Five pills. Every. Single. Day.
I’ve forgotten to take them exactly once. That happened when I switched to arimidex. I had a panic attack in the hospital after my DIEP reconstruction when my plastic surgeon told me I couldn’t take my tamoxifen because of a potential side effect with bleeding. I made my plastic surgeon tell me every single day I was in the hospital why I couldn’t take it. He ended up bringing me literature to read about it. I still called Dr. O, who assured me the few days I would be off tamoxifen were negligible because of its long half-life.
I’m positive if someone told me to stop taking these pills, I would panic. I know it can’t stop the cancer from returning if it’s determined to return, but it’s the best chance I have, along with zometa, which I still haven’t heard if my insurance has approved it, to keep my body an inhospitable place for ER+ cancer to reside.
That and losing fifty pounds. And drinking more water. And exercising.
I have the day off today. My house is quiet. AJ and S are out with A. I chose to stay home because I have a crazy busy week ahead of me. I see Dr. H tomorrow for my six month check up with her. It’s strange, but appointments with her don’t cause my anxiety to rise even though she’s the one who told us exactly what kind of cancer I faced and what my treatments would be. She’s the one who told me my cancer had spread to my lymph nodes.
She’s also the one who came to see me early the morning after preforming my mastectomy because she said she needed to see me. She said she knew I would be heading down the worst case scenario train in my mind and she wanted to talk me through everything she knew at the time. She’s the one who told me that the cancer in my lymph nodes and lymph channels was not necessarily a death sentence.
She’s also the one I call, most of the time, when something isn’t right. A new lump. A strange place on the skin. She sees me almost immediately. She’s the one who sent me for imaging last year when she wasn’t 100% sure a lump in my left foob was fat necrosis and asked the radiologist performing the ultrasound to tell me exactly what he saw because she would not send me home knowing nothing because I was terrified. It was fat necrosis.
She’s the one who Dr. B, my longtime OBGYN, sent me to see after I asked her who she would see. She said Dr. H’s name and said, “MY doctor.”
With Dr. H, I don’t feel like a patient, a statistic. I’m a person with a name and a need, and she knows it. Her whole office staff is that way.

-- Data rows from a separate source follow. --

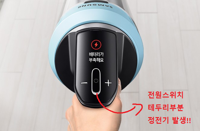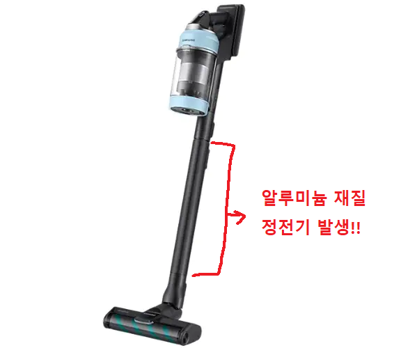 삼성 비스포크 제트 청소기의 정전기가 발생되는 위치는 2군데 입니다.
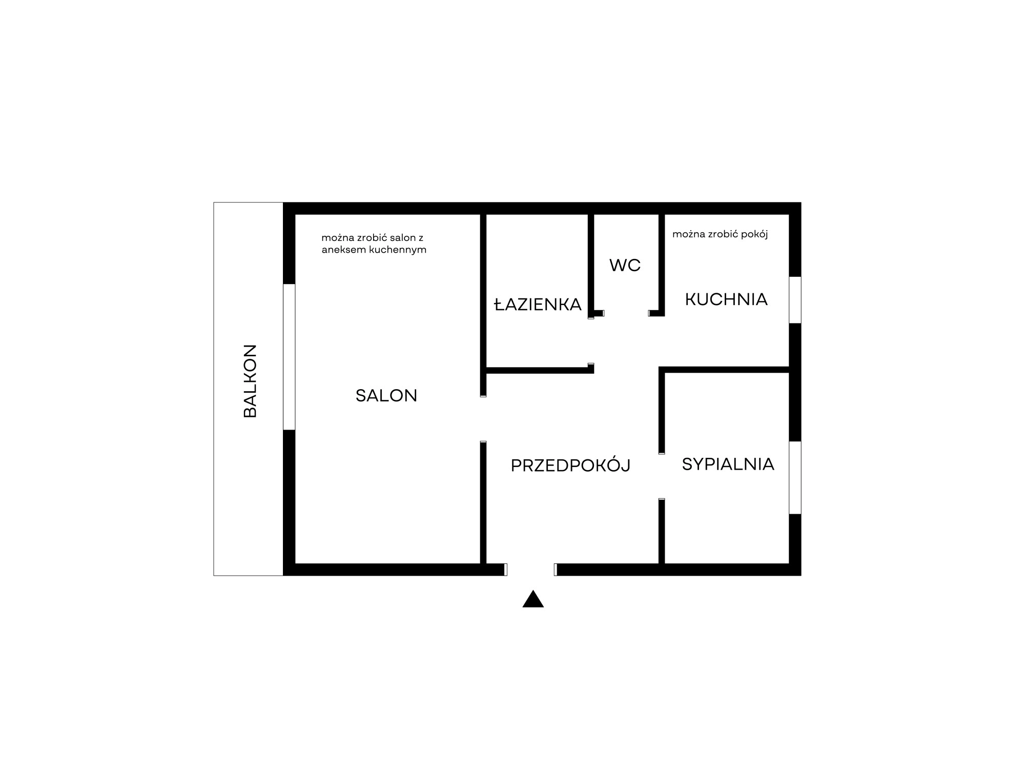 Lokal przygotowany do generalnego remontu, co stwarza możliwość dowolnej aranżacji przestrzeni, w tym przekształcenia układu na 3 pokoje.
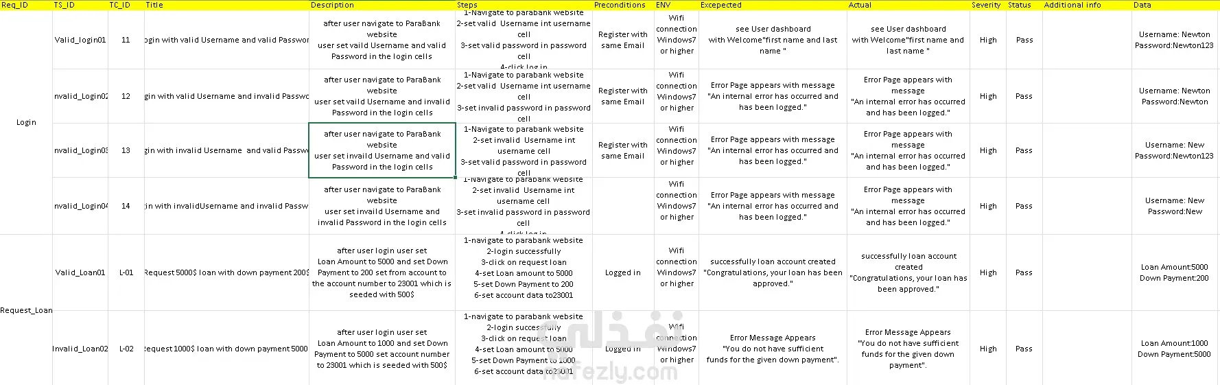 قمت بتصميم مجموعة متكاملة من حالات الاختبار (Test Cases) لنظام بنك إلكتروني (ParaBank)، بهدف ضمان جودة النظام والتأكد من عمل جميع الوظائف بشكل صحيح. تشمل حالات الاختبار: اختبار تسجيل الدخول (Login) اختبار إنشاء حساب (Registration) اختبار العمليات البنكية (Transactions) تم تصميم حالات الاختبار باستخدام أساليب احترافية مثل: الاختبار الإيجابي والسلبي (Positive & Negative Testing) اختبار الحدود (Boundary Testing) كل Test Case يحتوي على: Test Scenario Steps Expected Result Actual Result هذا العمل يعكس قدرتي على التخطيط الجيد للاختبارات وضمان تغطية شاملة للنظام.
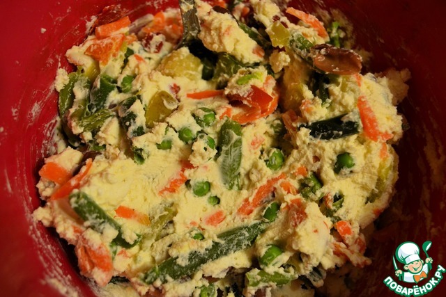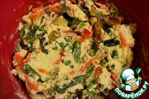Вмешать остывшие приготовленные овощи.
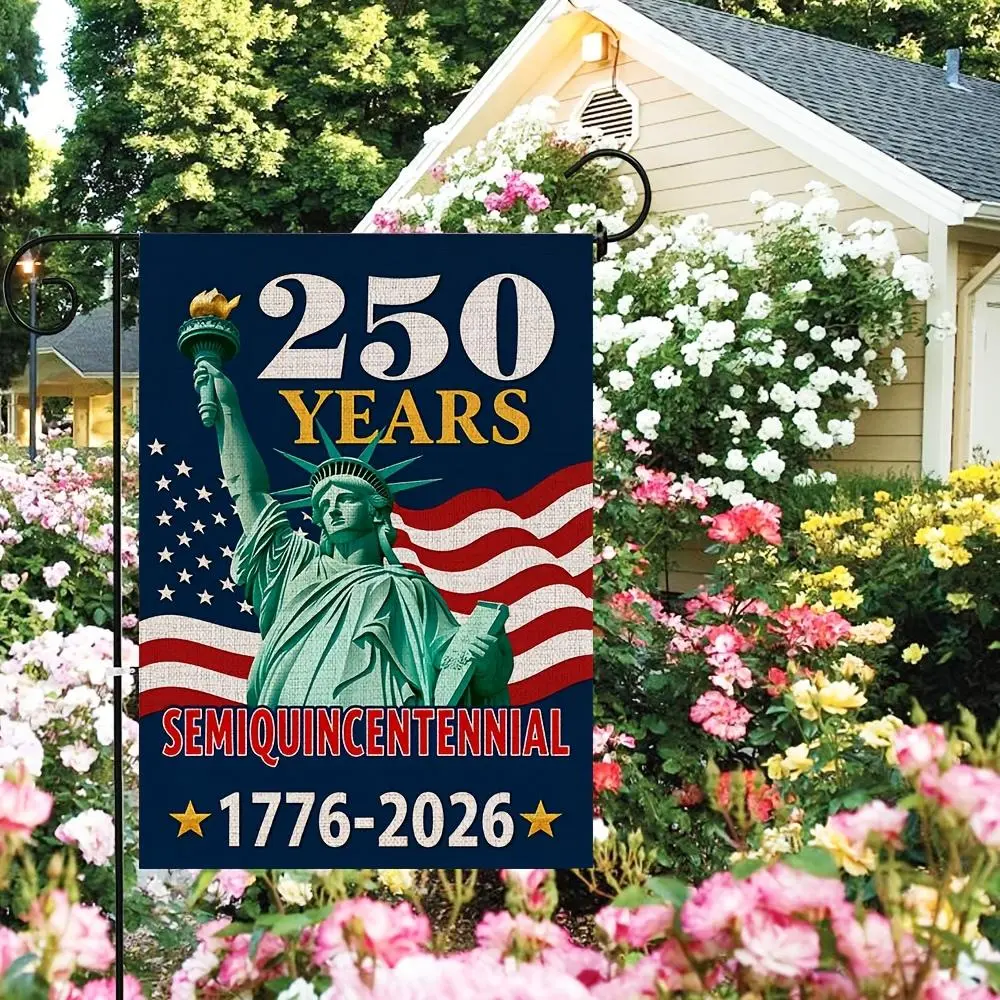 1pc 12X18 Inch Patriotic Garden Flag USA 250th Anniversary with Statue of Liberty, Double-Sided Classic American Pride Decor for Outdoor Yard Lawn Porch, Great for 4th of July Memorial Day Veterans Day

I’m sure tomorrow my anxiety will flare, and I’m sure walking into Methodist tomorrow afternoon will be hard because I pass by radiation oncology to get to breast oncology, and as wonderful as the radiology oncology department was to me, radiation is a level of hell I never knew existed.
I relive my diagnosis every single day. If it’s not the pills, it’s the doctor’s appointments. If it’s not the doctor’s appointments, it’s the news and social media. If it’s not the GOP destroying health care in America, it’s something.
Every single day reminds me of what I’ve lost and what I stand to lose, and the hell of it is, there is nothing, really, I can do except take the pills and go to the doctor’s appointments. I could do everything right and the cancer could come back. I could
do everything wrong and live to be 101.
I’m a pawn in the chess game of Fate. Forever in limbo, forever reminded of what cancer has done, can do, and might do. Forever wondering what the next move will be.